* _Problem description_
Give the data again exactly, without its images.

▬▬▬▬▬▬

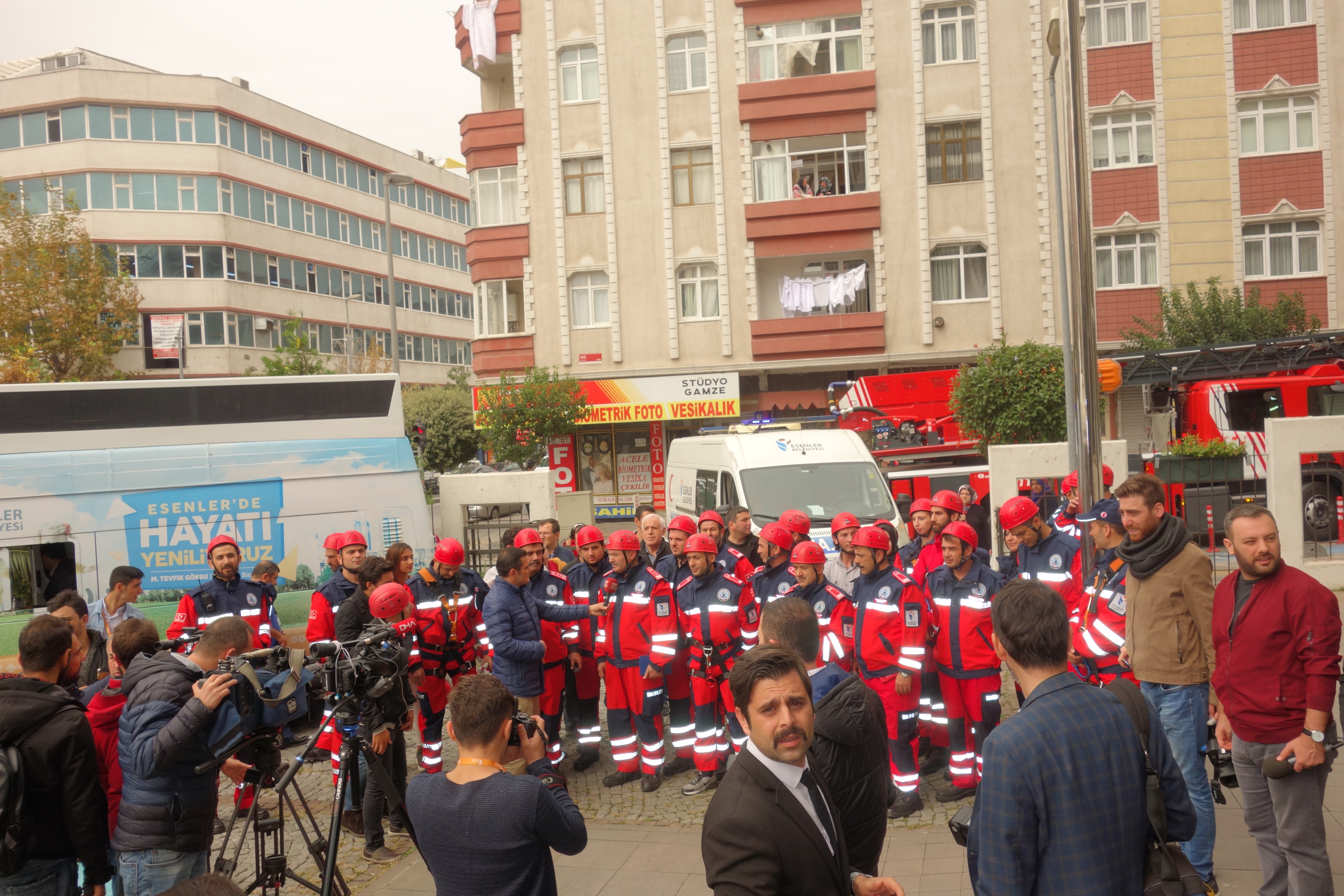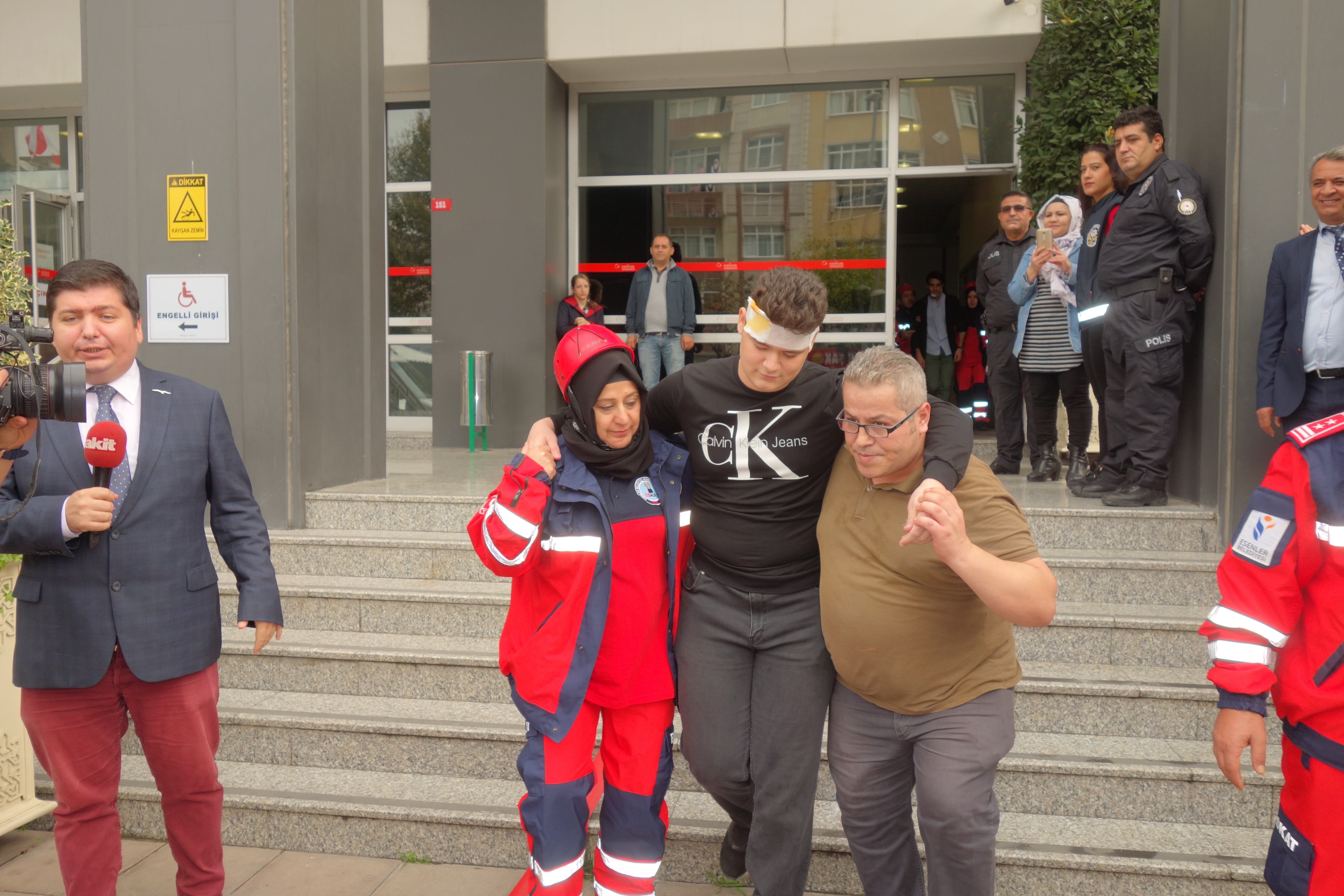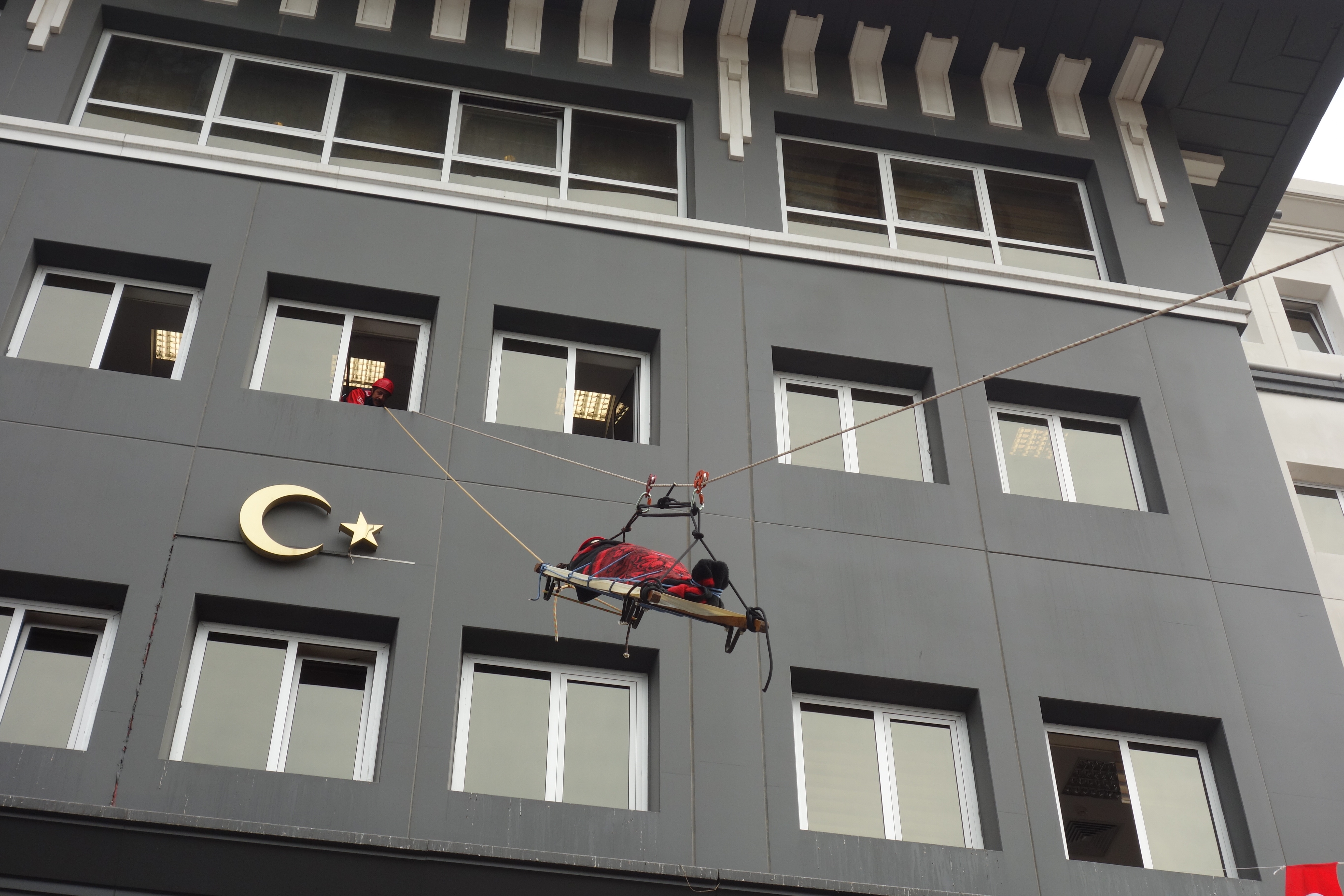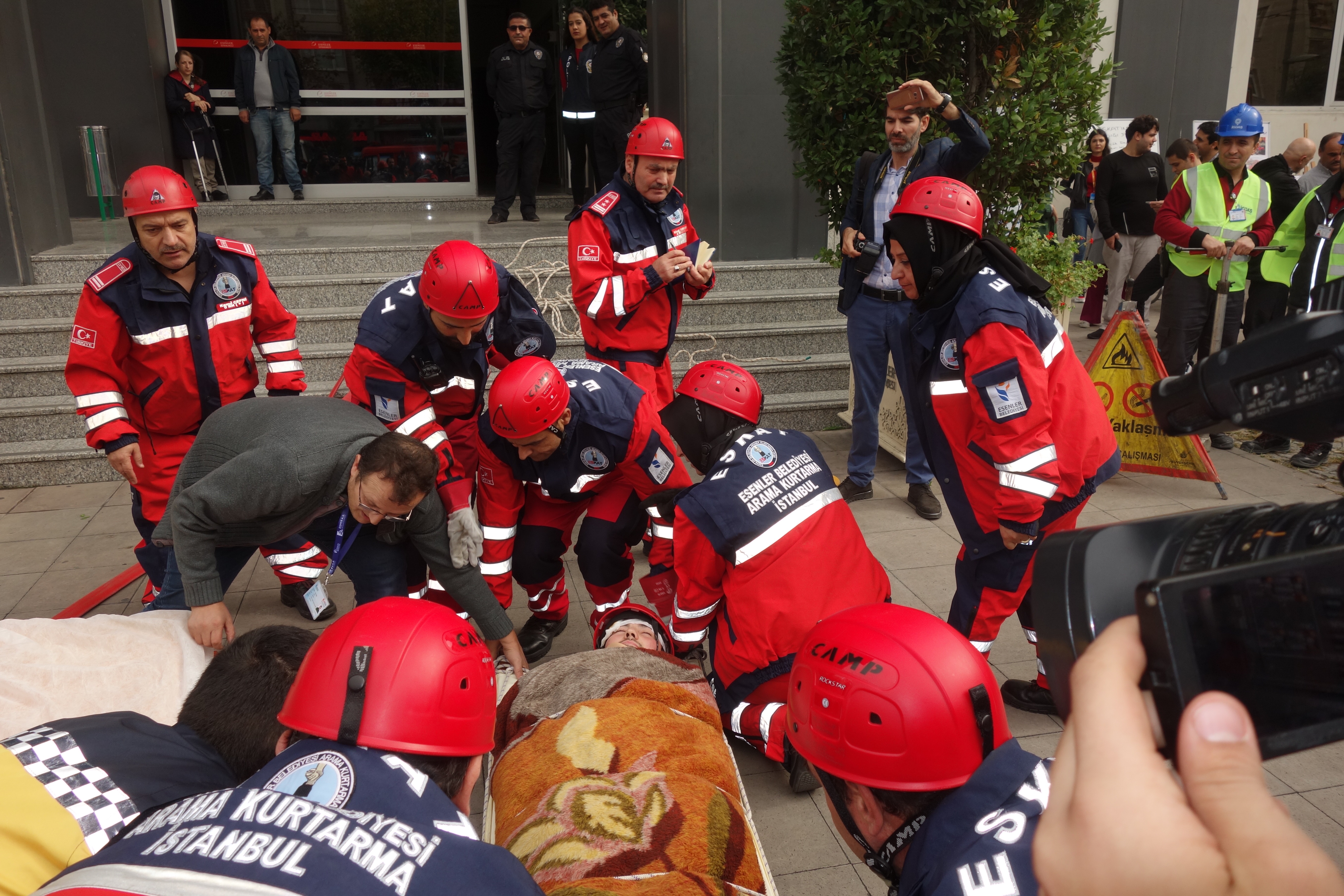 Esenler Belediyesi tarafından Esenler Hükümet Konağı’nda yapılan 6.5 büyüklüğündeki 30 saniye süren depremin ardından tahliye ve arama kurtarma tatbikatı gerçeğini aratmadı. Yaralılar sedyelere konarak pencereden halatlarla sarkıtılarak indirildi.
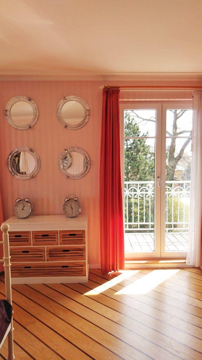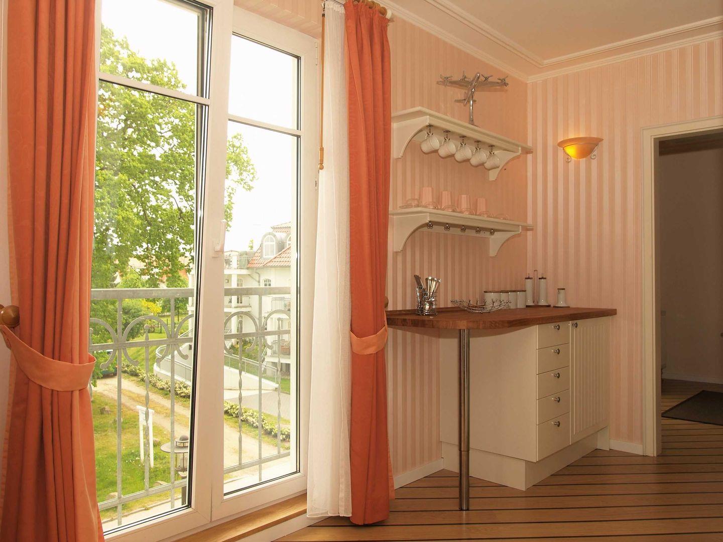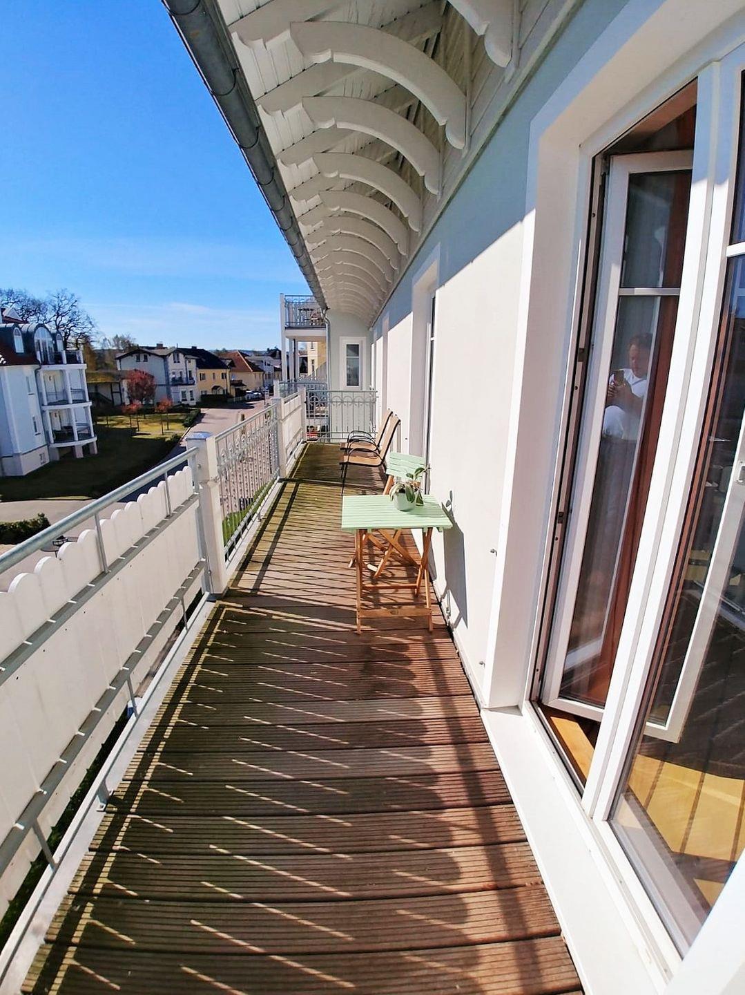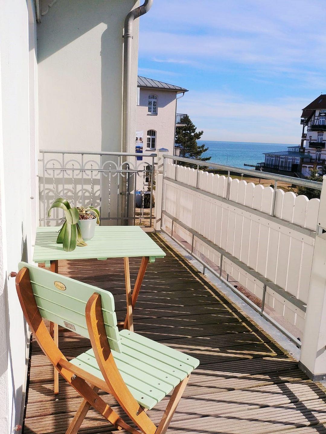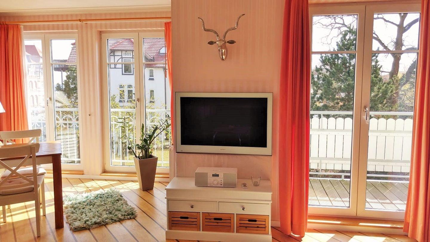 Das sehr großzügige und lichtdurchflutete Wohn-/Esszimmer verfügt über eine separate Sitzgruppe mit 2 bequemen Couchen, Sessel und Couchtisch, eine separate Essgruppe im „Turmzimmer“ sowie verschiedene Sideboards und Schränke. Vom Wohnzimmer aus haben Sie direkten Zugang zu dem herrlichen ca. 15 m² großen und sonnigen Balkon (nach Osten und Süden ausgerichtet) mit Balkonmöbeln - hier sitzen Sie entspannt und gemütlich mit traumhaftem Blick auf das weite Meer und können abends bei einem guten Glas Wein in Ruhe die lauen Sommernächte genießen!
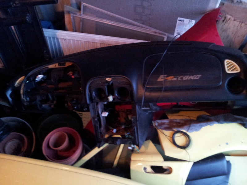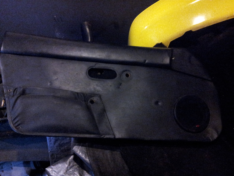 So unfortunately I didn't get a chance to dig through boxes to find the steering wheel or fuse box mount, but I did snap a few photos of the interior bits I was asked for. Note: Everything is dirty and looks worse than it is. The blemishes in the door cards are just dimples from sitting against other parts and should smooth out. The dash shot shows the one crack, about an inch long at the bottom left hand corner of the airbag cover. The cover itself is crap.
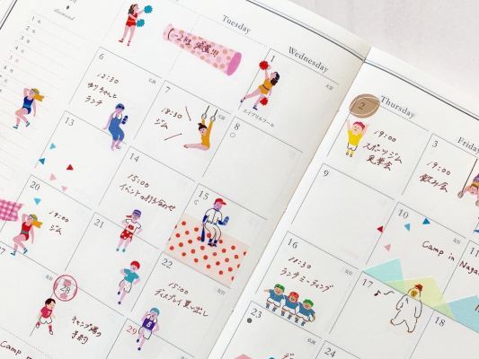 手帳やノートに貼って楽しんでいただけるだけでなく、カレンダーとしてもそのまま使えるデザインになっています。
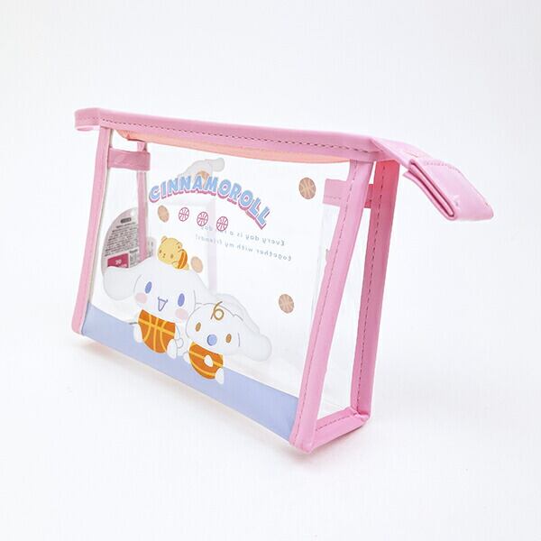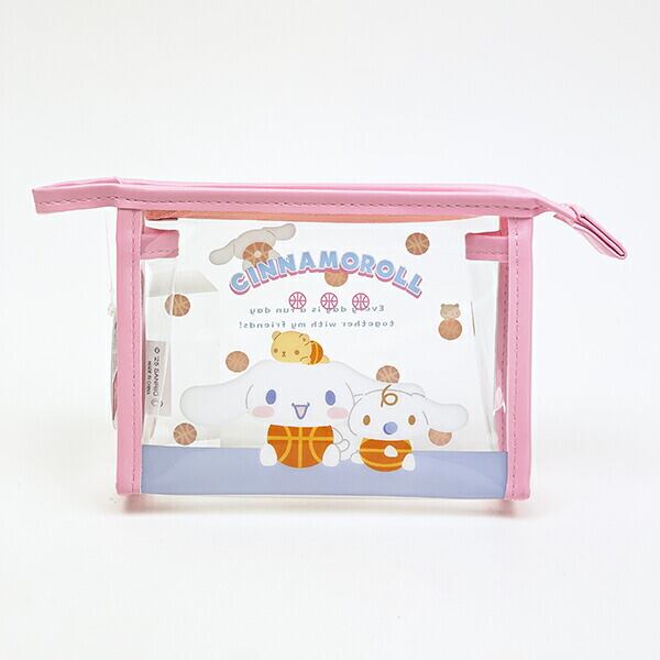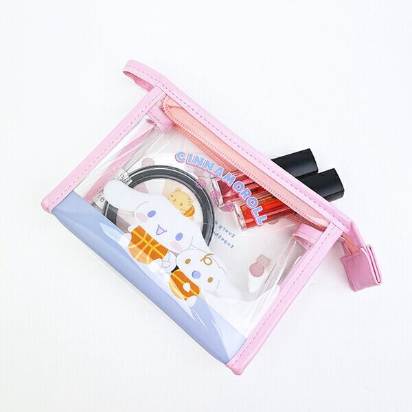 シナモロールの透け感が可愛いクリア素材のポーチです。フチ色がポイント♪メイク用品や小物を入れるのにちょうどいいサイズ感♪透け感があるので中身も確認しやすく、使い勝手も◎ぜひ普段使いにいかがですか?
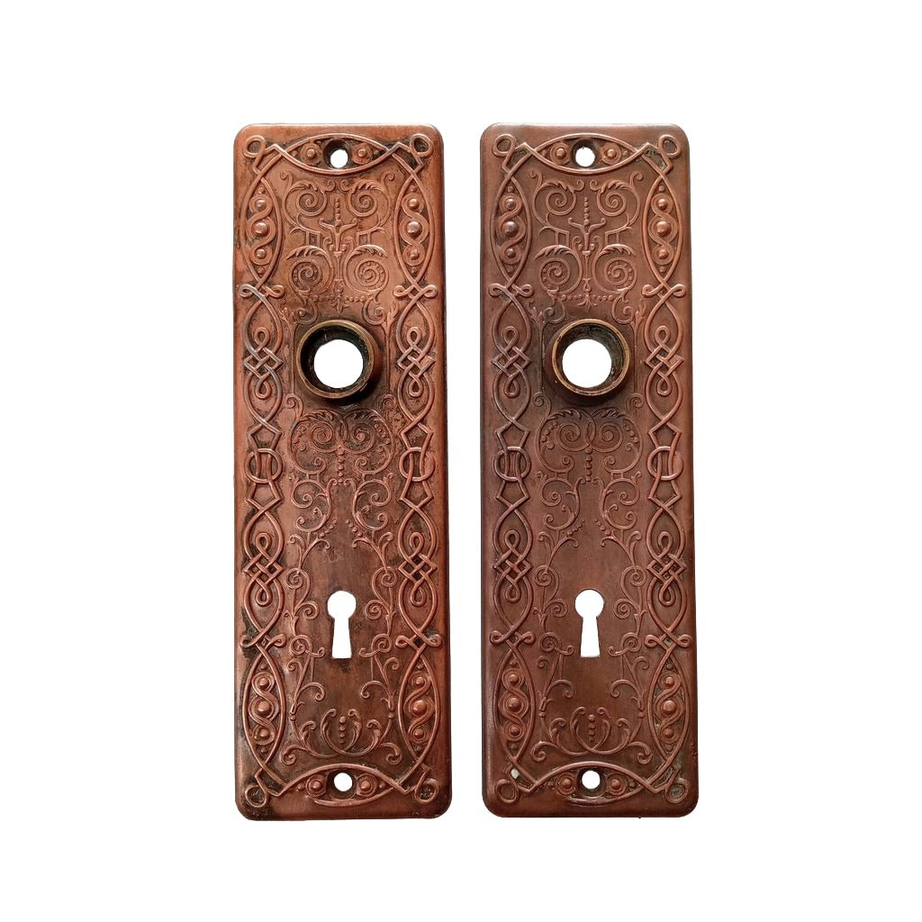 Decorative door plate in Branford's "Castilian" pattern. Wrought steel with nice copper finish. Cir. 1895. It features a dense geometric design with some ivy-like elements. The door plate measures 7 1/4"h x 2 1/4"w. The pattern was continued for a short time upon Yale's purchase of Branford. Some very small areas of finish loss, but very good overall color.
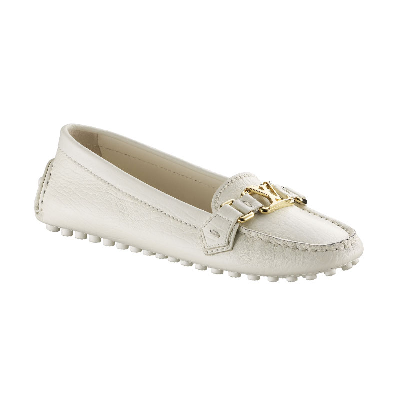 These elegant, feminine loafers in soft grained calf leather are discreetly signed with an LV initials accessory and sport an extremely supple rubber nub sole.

▬▬▬▬▬▬

* _Response to the task_
 Esenler Belediyesi tarafından Esenler Hükümet Konağı’nda yapılan 6.5 büyüklüğündeki 30 saniye süren depremin ardından tahliye ve arama kurtarma tatbikatı gerçeğini aratmadı. Yaralılar sedyelere konarak pencereden halatlarla sarkıtılarak indirildi.
 Das sehr großzügige und lichtdurchflutete Wohn-/Esszimmer verfügt über eine separate Sitzgruppe mit 2 bequemen Couchen, Sessel und Couchtisch, eine separate Essgruppe im „Turmzimmer“ sowie verschiedene Sideboards und Schränke. Vom Wohnzimmer aus haben Sie direkten Zugang zu dem herrlichen ca. 15 m² großen und sonnigen Balkon (nach Osten und Süden ausgerichtet) mit Balkonmöbeln - hier sitzen Sie entspannt und gemütlich mit traumhaftem Blick auf das weite Meer und können abends bei einem guten Glas Wein in Ruhe die lauen Sommernächte genießen!
 So unfortunately I didn't get a chance to dig through boxes to find the steering wheel or fuse box mount, but I did snap a few photos of the interior bits I was asked for. Note: Everything is dirty and looks worse than it is. The blemishes in the door cards are just dimples from sitting against other parts and should smooth out. The dash shot shows the one crack, about an inch long at the bottom left hand corner of the airbag cover. The cover itself is crap.
 手帳やノートに貼って楽しんでいただけるだけでなく、カレンダーとしてもそのまま使えるデザインになっています。
 シナモロールの透け感が可愛いクリア素材のポーチです。フチ色がポイント♪メイク用品や小物を入れるのにちょうどいいサイズ感♪透け感があるので中身も確認しやすく、使い勝手も◎ぜひ普段使いにいかがですか?
 Decorative door plate in Branford's "Castilian" pattern. Wrought steel with nice copper finish. Cir. 1895. It features a dense geometric design with some ivy-like elements. The door plate measures 7 1/4"h x 2 1/4"w. The pattern was continued for a short time upon Yale's purchase of Branford. Some very small areas of finish loss, but very good overall color.
 These elegant, feminine loafers in soft grained calf leather are discreetly signed with an LV initials accessory and sport an extremely supple rubber nub sole.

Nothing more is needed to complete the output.